A ping is initiated from h0:
ip netns exec h0 ping -c 1 11.0.0.2
As I have seen on our target platform, the iif is the VRF device. In
this case it is the core VRF. Thus, the ip rule with iif equals to the
GRE tunnel doesn't get hit.
This is I think is the relevant perf script output. All the outputs are
in the attached perf_script.txt.
ksoftirqd/0 9 [000] 2933.555444: fib:fib_table_lookup: table 100 oif 0 iif 6 proto 0 10.0.0.2/0 -> 11.0.0.2/0 tos 0 scope 0 flags 4 ==> dev - gw 0.0.0.0/:: err -113
ffffffffbda04f2e fib_table_lookup+0x4ce ([kernel.kallsyms])
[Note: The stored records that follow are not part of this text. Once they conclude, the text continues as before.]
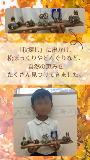 「秋探し」に出かけ、松ぼっくりやどんぐりなど、自然の恵みをたくさん見つけてきました。
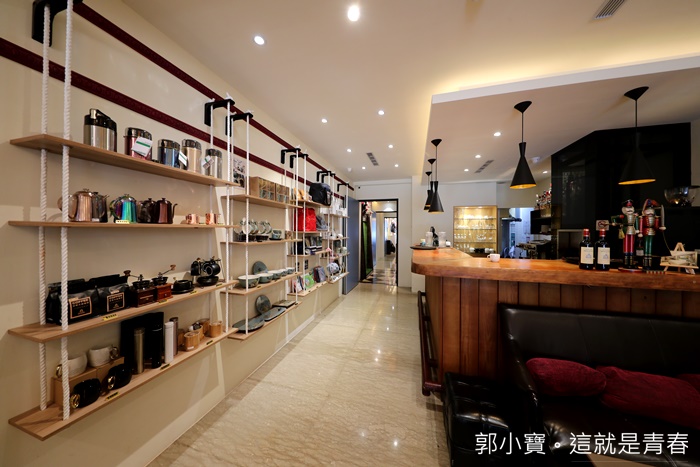 | 右手邊的吧檯依舊,但是另一邊的牆上的一整面的繩結板讓人感覺到有帶點文青感。 |
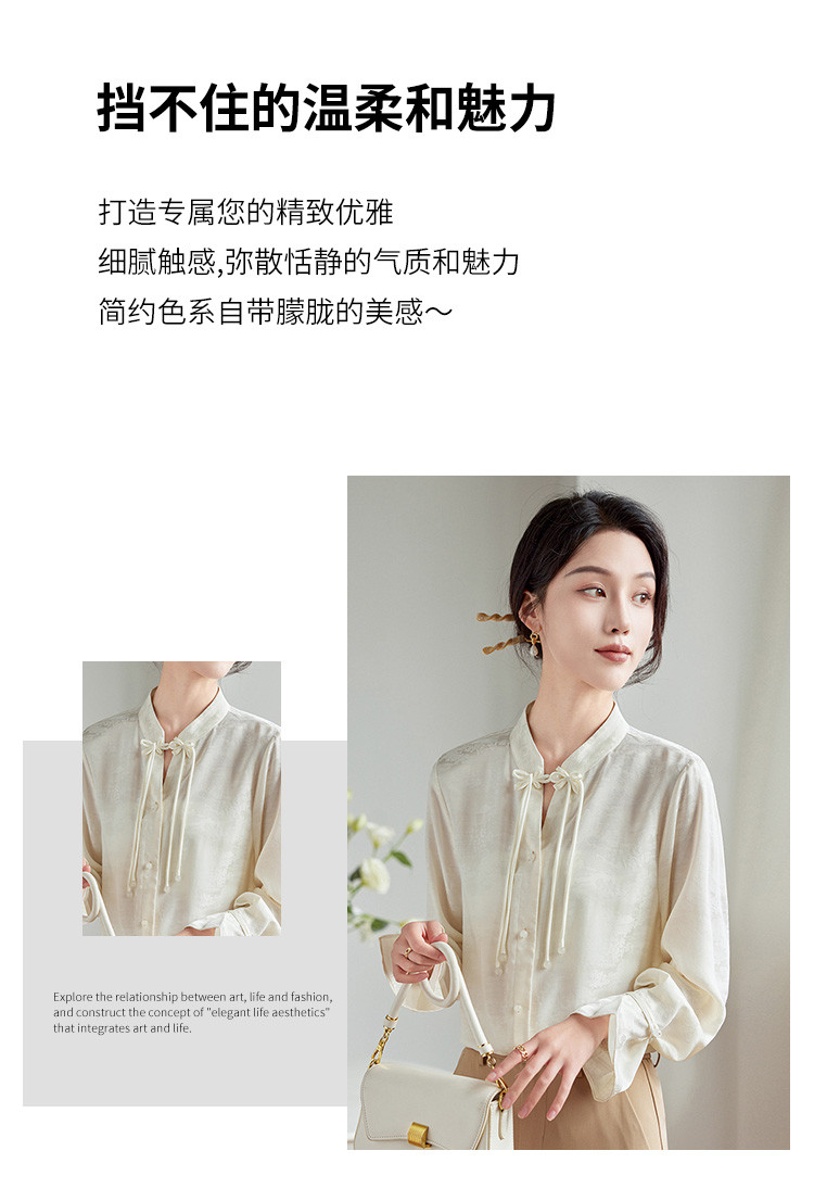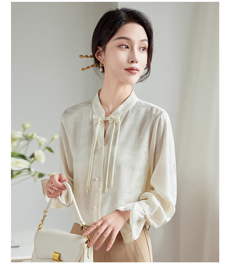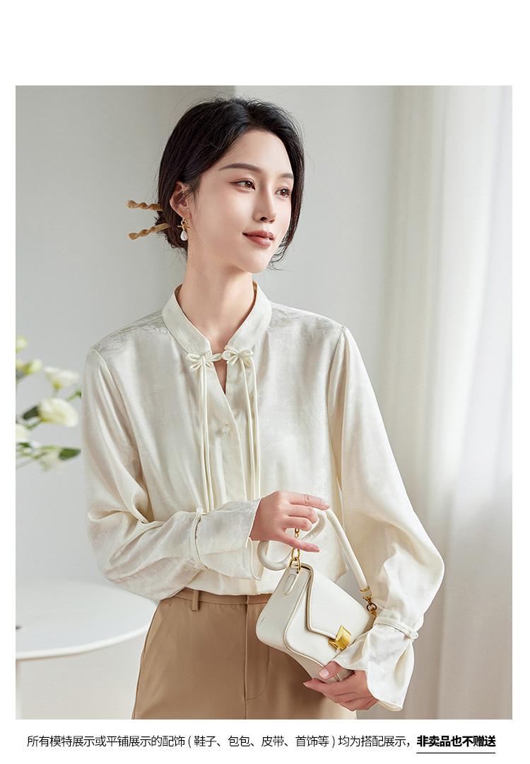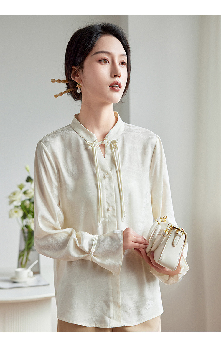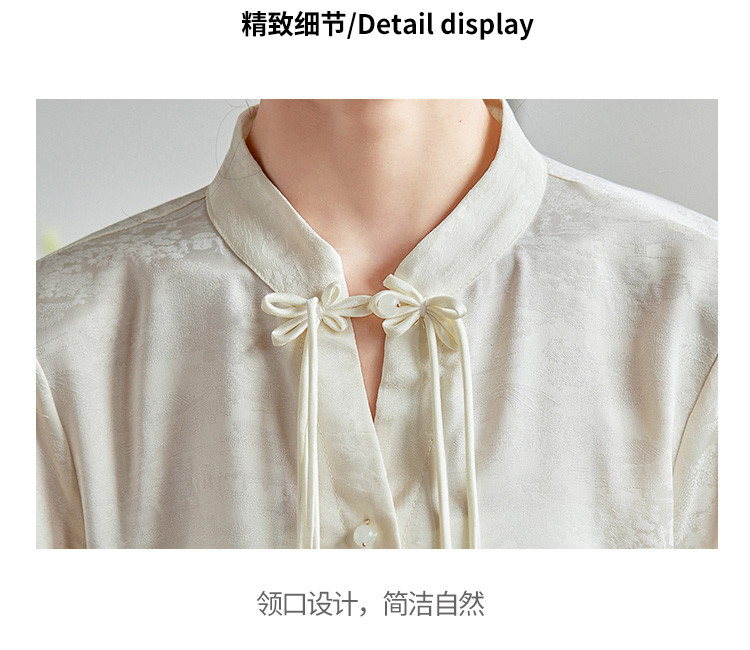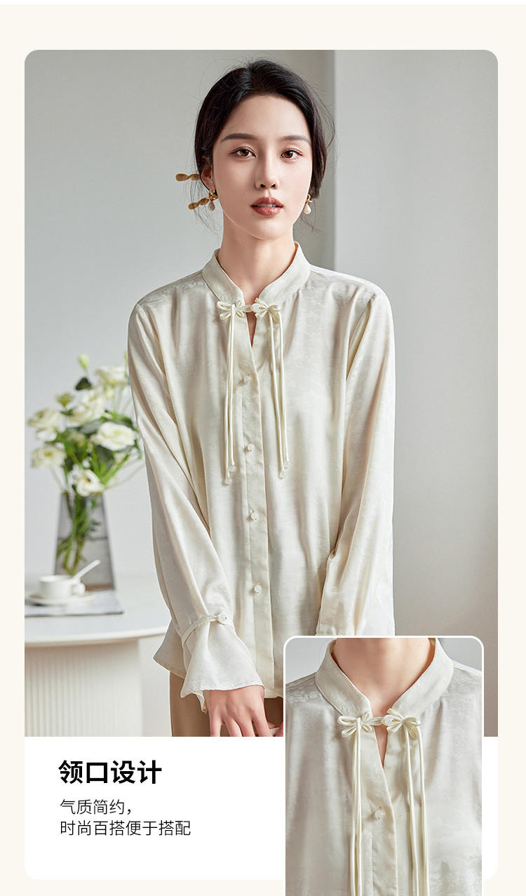 商品名称:春秋新中式温柔气质提花衬衣女式百搭休闲立领衬衫上衣 902943

ffffffffbda04f2e fib_table_lookup+0x4ce ([kernel.kallsyms])
ffffffffbda0fbd6 fib4_rule_action+0x66 ([kernel.kallsyms])
ffffffffbd96cde3 fib_rules_lookup+0x133 ([kernel.kallsyms])
ffffffffbda0f6ea __fib_lookup+0x6a ([kernel.kallsyms])
ffffffffbd9ac4de ip_route_input_slow+0x98e ([kernel.kallsyms])
ffffffffbd9ac81a ip_route_input_rcu+0x15a ([kernel.kallsyms])
ffffffffbd9ac978 ip_route_input_noref+0x28 ([kernel.kallsyms])
ffffffffbd9aec0b ip_rcv_finish_core.isra.0+0x6b ([kernel.kallsyms])
ffffffffbd9aefcb ip_rcv_finish+0x6b ([kernel.kallsyms])
ffffffffbd9af9fc ip_rcv+0xbc ([kernel.kallsyms])
ffffffffbd935d78 __netif_receive_skb_one_core+0x88 ([kernel.kallsyms])
ffffffffbd935dc8 __netif_receive_skb+0x18 ([kernel.kallsyms])
ffffffffbd935e55 netif_receive_skb_internal+0x45 ([kernel.kallsyms])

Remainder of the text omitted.